■ Dataset excerpts
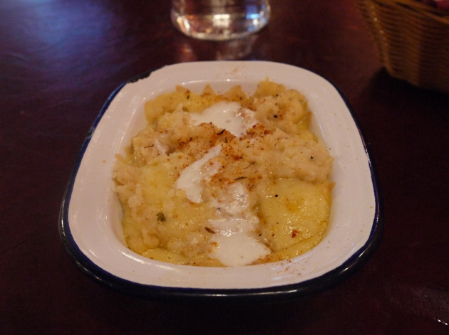 Baron Greenback was just as intrigued with the menu as I was so we popped along after work one weekday evening. I started off with the she-crab soup. I’m not sure why eating a female crab would be more preferable to a male one, but the half-crab here is served in a thin but surprisingly buttery and salty soup peppered with succotash, a mixture of beans and corn which is very tasty. Extracting the crab meat from the spiky shell was more trouble than it was worth given that there wasn’t much of it and that it didn’t seem to go especially well with the vegetable soup.
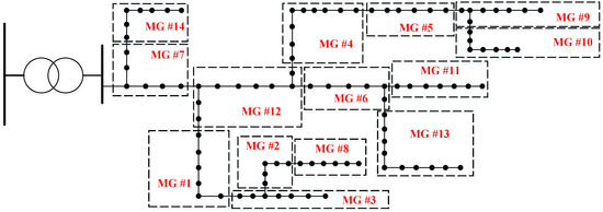 A realistic case of microgrids in Guizhou Province, China, was used to validate the proposed P2P energy trading mechanism. As shown in Figure 5, the distribution network consists of 14 microgrids. The distance matrix is given in Table A1, from which the transmission price for each kWh of energy between any two microgrids can be calculated. The power of these microgrids after the internal coordinated dispatch is presented in Figure A1.
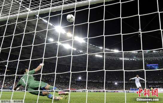 當(dāng)?shù)貢r(shí)間24日晚,2012年歐洲杯進(jìn)行了最后一場(chǎng)四分之一決賽。最終,意大利隊(duì)(藍(lán)衣)在點(diǎn)球大戰(zhàn)中4比2戰(zhàn)勝英格蘭隊(duì),鎖定最后一個(gè)四強(qiáng)席位。圖為點(diǎn)球大戰(zhàn)。
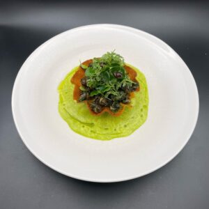 Dans les feuilles de brick cuites, déposer la chair à saucisses, le confit de tomates, les escargots, et la salade de pousses. Pour finir, ajouter l’émulsion de persil.
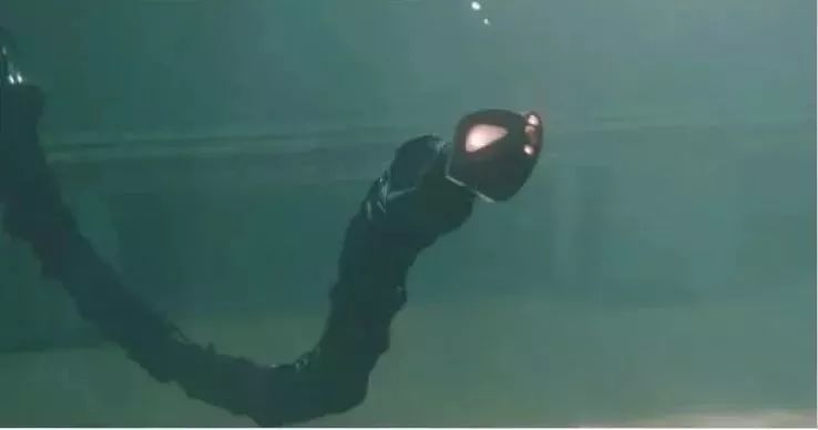 类似蛇的机器人,设计用于深水下监测和修复潜水员或潜水艇无法进入的深海电缆和灌溉管。不知为何,它被设计成可怕的黑色和红眼睛。
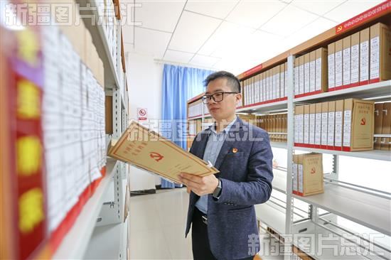 2023年3月7日,库车市伊西哈拉镇党员档案室管理人员正在整理党员档案。
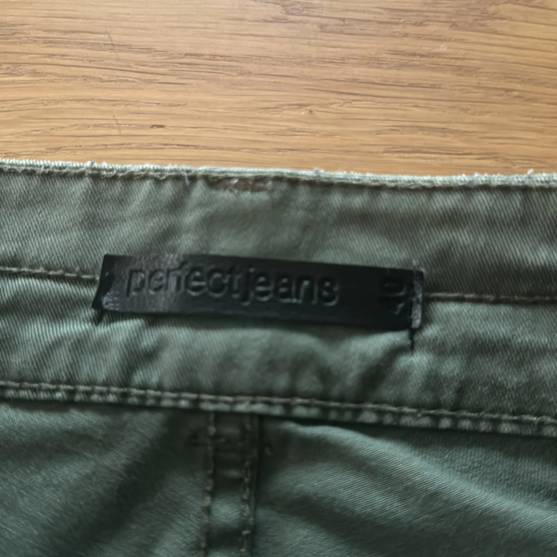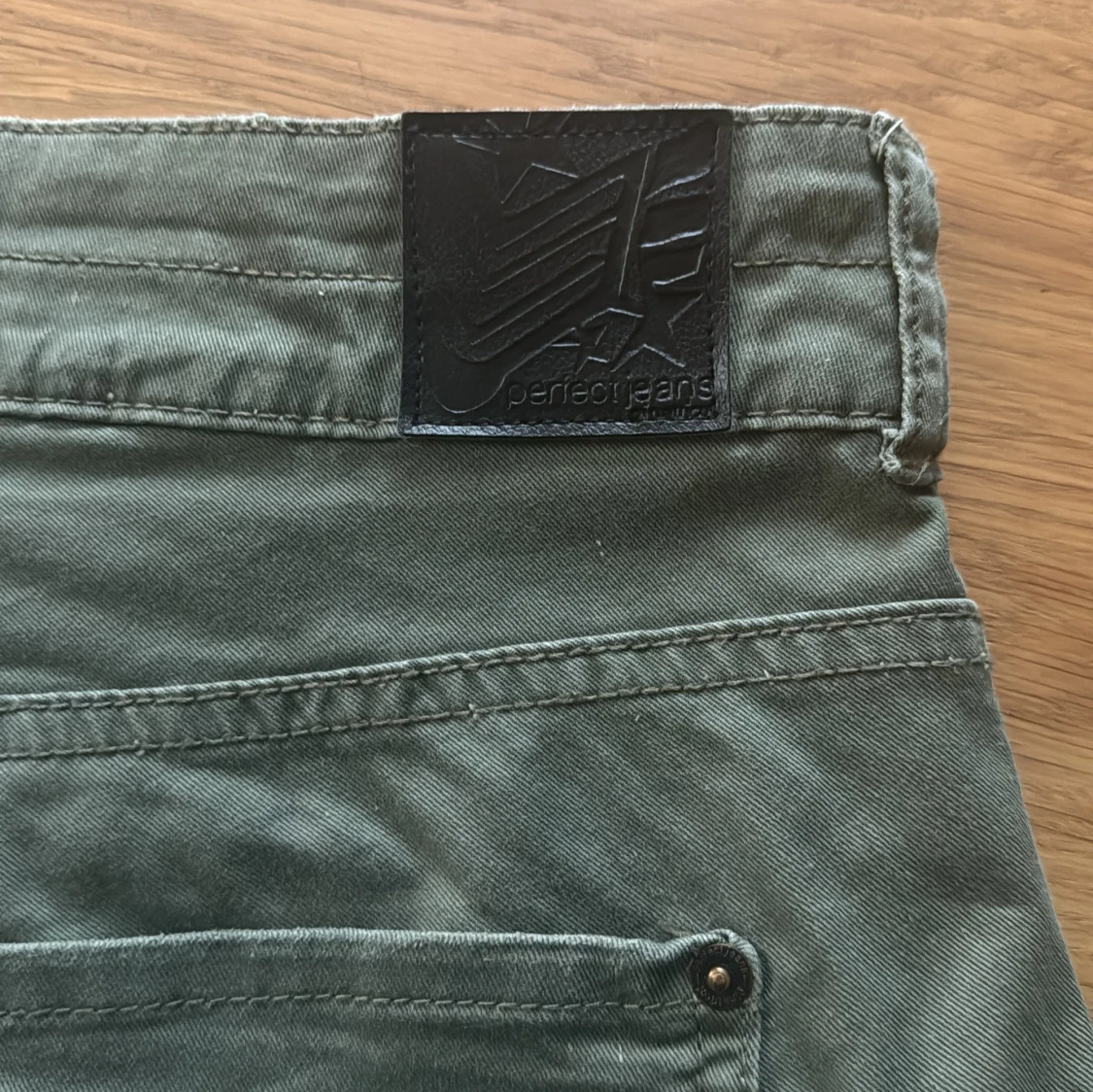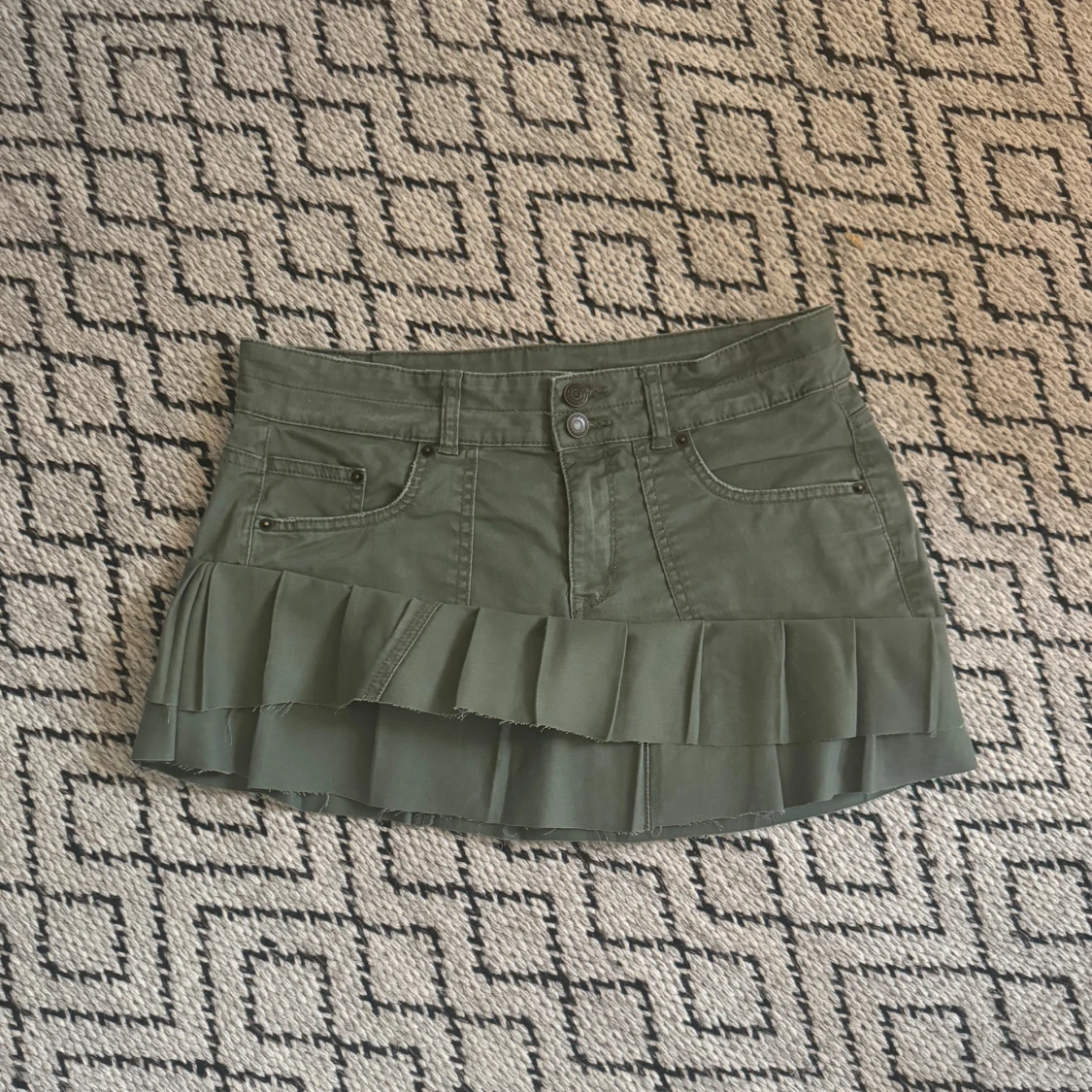 Snygg grön kjol från Gina med volangdetalj, omsydd från jeans. Kjolen är låg i midjan och är tillverkad i ett jeansliknande material. Den har praktiska fickor och knappar framtill för en cool look.
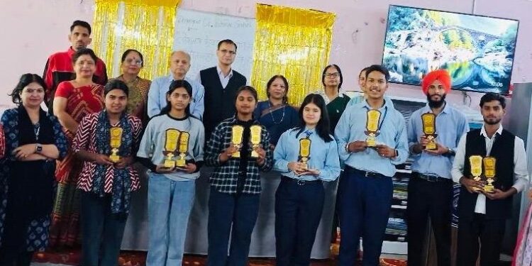 डोईवाला, (प्रियांशु सक्सेना)। शहीद दुर्गा मल्ल पीजी कॉलेज डोईवाला में राजनीति विज्ञान विभागीय परिषद की ओर से विभिन्न प्रतियोगितात्मक कार्यक्रम आयोजित किए गए, जिनमें छात्र-छात्राओं ने उत्साहपूर्वक प्रतिभाग किया। शुक्रवार को आयोजित कार्यक्रम में तत्काल भाषण, निबंध, पोस्टर, क्विज तथा प्रस्तावना वाचन प्रतियोगिताएं कराई गईं। निबंध प्रतियोगिता में पूनम महतो ने प्रथम, कुमारी रीना ने द्वितीय और कुमारी पलक ने तृतीय स्थान हासिल किया। जबकि पोस्टर प्रतियोगिता में प्रिंस शर्मा प्रथम, पूनम महतो द्वितीय तथा पलक तृतीय रहीं, जबकि अमित कुमार को सांत्वना पुरस्कार मिला। प्रस्तावना वाचन प्रतियोगिता में परमिंद्र सिंह प्रथम, अमित कुमार द्वितीय और अंकिता नेगी तृतीय स्थान पर रहीं। वहीं, तत्काल भाषण प्रतियोगिता में अरुण तिवारी प्रथम, अमित कुमार द्वितीय और सान्वी मलिक तृतीय स्थान पर रहीं। इसके अलावा सामान्य ज्ञान प्रतियोगिता में बीए से कोमल व अंजली की टीम प्रथम, दीपक नौटियाल व वैष्णवी उनियाल की टीम द्वितीय तथा बीएससी से मोहम्मद समद व प्रांजल चौहान की टीम तृतीय स्थान पर रही। कार्यक्रम में विभागीय परिषद के अध्यक्ष परमिंद्र सिंह, उपाध्यक्ष अंशुल देवरानी, महासचिव सान्वी मलिक, सह-सचिव मुकेश कुमार, कोषाध्यक्ष प्रिंस शर्मा एवं सांस्कृतिक सचिव अंकित नेगी को भी सम्मानित किया गया। साथ ही, सभी प्रतिभागियों को भारतीय ज्ञान परंपरा परीक्षा के प्रमाण पत्र प्रदान किए गए। कार्यक्रम में डॉ. अंजली वर्मा ने विद्यार्थी जीवन के महत्व पर प्रकाश डाला, जबकि डॉ. पल्लवी मिश्रा ने छात्र जीवन में सकारात्मक सोच की आवश्यकता बताई। डॉ. वंदना गौड़ ने समर्थ पोर्टल एवं स्टूडेंट रेगुलेट्री प्रणाली की जानकारी दी। इस मौके पर प्राचार्य डॉ. डीपी भट्ट, विभागाध्यक्ष डॉ राखी पंचोला, डॉ शशि बाला, प्रो नैथानी, अमित नेगी, डॉ कामना लोहानी, पुष्पा नेगी, छात्रसंघ अध्यक्ष अमित कुमार, अर्जुन सजवान आदि रहे।
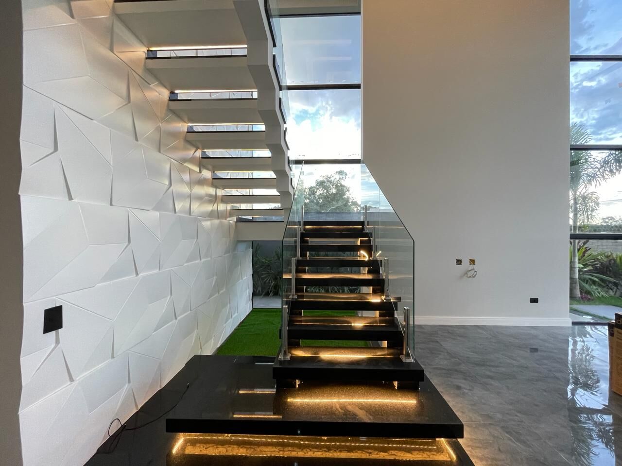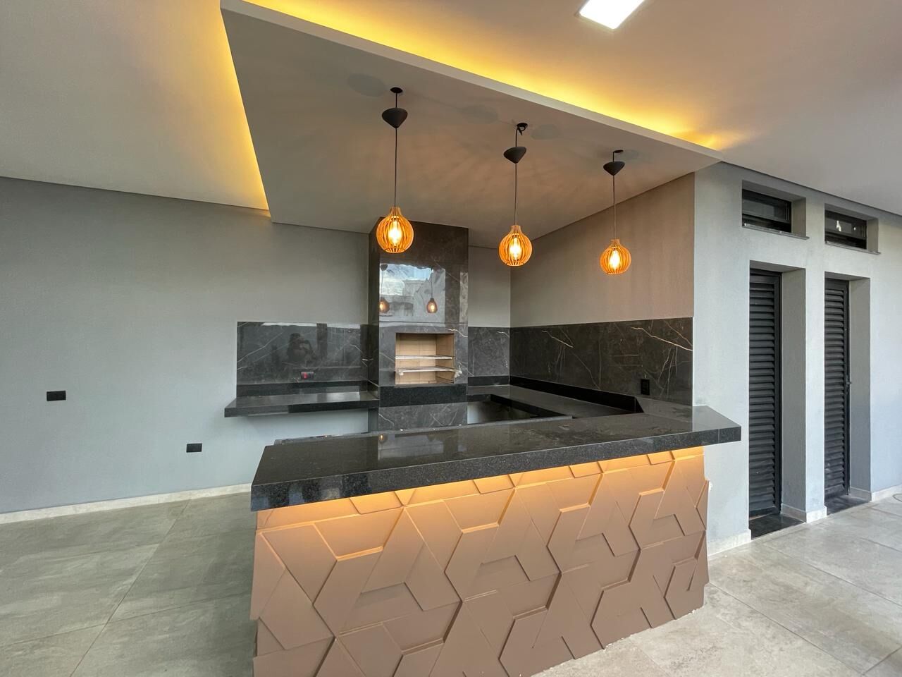 Os detalhes de iluminação são meticulosamente projetados em toda a casa, proporcionando uma atmosfera acolhedora e luxuosa em cada cômodo.

■ TASK STATEMENT
Take the records from their first line through the line containing "2023年3月7日,库车市伊西哈拉镇党员档案室管理人员正在整理党员档案。" and please return exactly those lines, both ends included, minus the pictures.

■ RESPONSE BOX
 Baron Greenback was just as intrigued with the menu as I was so we popped along after work one weekday evening. I started off with the she-crab soup. I’m not sure why eating a female crab would be more preferable to a male one, but the half-crab here is served in a thin but surprisingly buttery and salty soup peppered with succotash, a mixture of beans and corn which is very tasty. Extracting the crab meat from the spiky shell was more trouble than it was worth given that there wasn’t much of it and that it didn’t seem to go especially well with the vegetable soup.
 A realistic case of microgrids in Guizhou Province, China, was used to validate the proposed P2P energy trading mechanism. As shown in Figure 5, the distribution network consists of 14 microgrids. The distance matrix is given in Table A1, from which the transmission price for each kWh of energy between any two microgrids can be calculated. The power of these microgrids after the internal coordinated dispatch is presented in Figure A1.
 當(dāng)?shù)貢r(shí)間24日晚,2012年歐洲杯進(jìn)行了最后一場(chǎng)四分之一決賽。最終,意大利隊(duì)(藍(lán)衣)在點(diǎn)球大戰(zhàn)中4比2戰(zhàn)勝英格蘭隊(duì),鎖定最后一個(gè)四強(qiáng)席位。圖為點(diǎn)球大戰(zhàn)。
 Dans les feuilles de brick cuites, déposer la chair à saucisses, le confit de tomates, les escargots, et la salade de pousses. Pour finir, ajouter l’émulsion de persil.
 类似蛇的机器人,设计用于深水下监测和修复潜水员或潜水艇无法进入的深海电缆和灌溉管。不知为何,它被设计成可怕的黑色和红眼睛。
 2023年3月7日,库车市伊西哈拉镇党员档案室管理人员正在整理党员档案。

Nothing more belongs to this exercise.